Displayed at right is the color paradise pink.

The source of this color is the "Pantone Textile Paper eXtended (TPX)" color list, color #17-1755 TPX—Paradise Pink.

Since it has a hue code of 347, the color paradise pink is within the range of carmine colors.

===Rich carmine===

The rich carmine color tone displayed at right matches the color shown as carmine in the 1930 book A Dictionary of Color (cited below). This color is also called Chinese carmine. This is the color usually referred to as carmine in fashion and interior design.

===Spanish carmine===

Spanish carmine is the color that is called carmín (the Spanish word for "carmine") in the Guía de coloraciones (Guide to colorations) by Rosa Gallego and
Juan Carlos Sanz, a color dictionary published in 2005 that is widely popular in the Hispanophone realm.

===Pictorial carmine===

Pictorial carmine is the color that is called Carmín pictórico (Spanish for "pictorial carmine") in the Guía de coloraciones (Guide to colorations) by Rosa Gallego and Juan Carlos Sanz, a color dictionary published in 2005 that is widely popular in the Hispanophone realm.

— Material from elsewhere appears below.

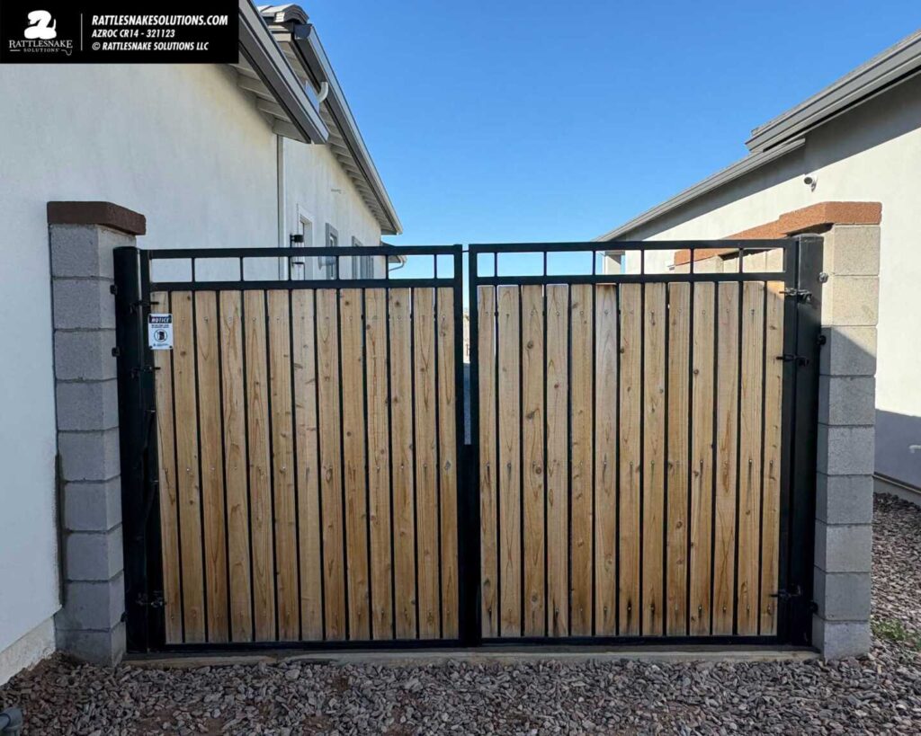 Rattlesnake Fencing applied to this double gate and along the back fence … and a bunch of the details in between. This backyard is ready for rattlesnake season.

This is a typical tone of carmine pigment used in painting.

===Japanese carmine===

The color Japanese carmine is shown at right.

The name of this shade of carmine in Japanese is (臙脂色, enji-iro), literally "rouge color", as (臙脂, enji) means rouge, the cosmetics. This term was later used to form the name of the New World insect, cochineal, used to make red dyes: (臙脂虫, enji-mushi).

==Carmine in human culture==
Crime scene investigation
- The name is often applied to descriptions of blood, because the dark carmine color of the raw pigment shown at the top of the page is the color of dried blood.
Music
- Carmine is one of the colors mentioned in Donovan's "Wear Your Love Like Heaven".
- Carmine red is second of two colors mentioned in Katatonia's song "Lethean".
Sports
- Carmine red and golden yellow are the official colors of Italian football/soccer team AS Roma.
- Carmine red and white are the traditional colors of the Latvia national teams.
Television
- In Chapter 37 of House of Cards Season 3, during an interview between author Thomas Yates and Claire Underwood, during which Claire Underwood is having blood drawn, Underwood asks what color could be used to describe the color of the blood flowing through the tube, and Yates says, "carmine." Underwood responds, "You must be a writer."
Film
- In Dragon Ball Super: Superhero, following the naming trend of all major figures within the Red Ribbon Army, the loyal assistant to Commander Magenta, is named Carmine, who also wears a suit of the same color.
National flags
- Carmine is the color used in the flag of Latvia.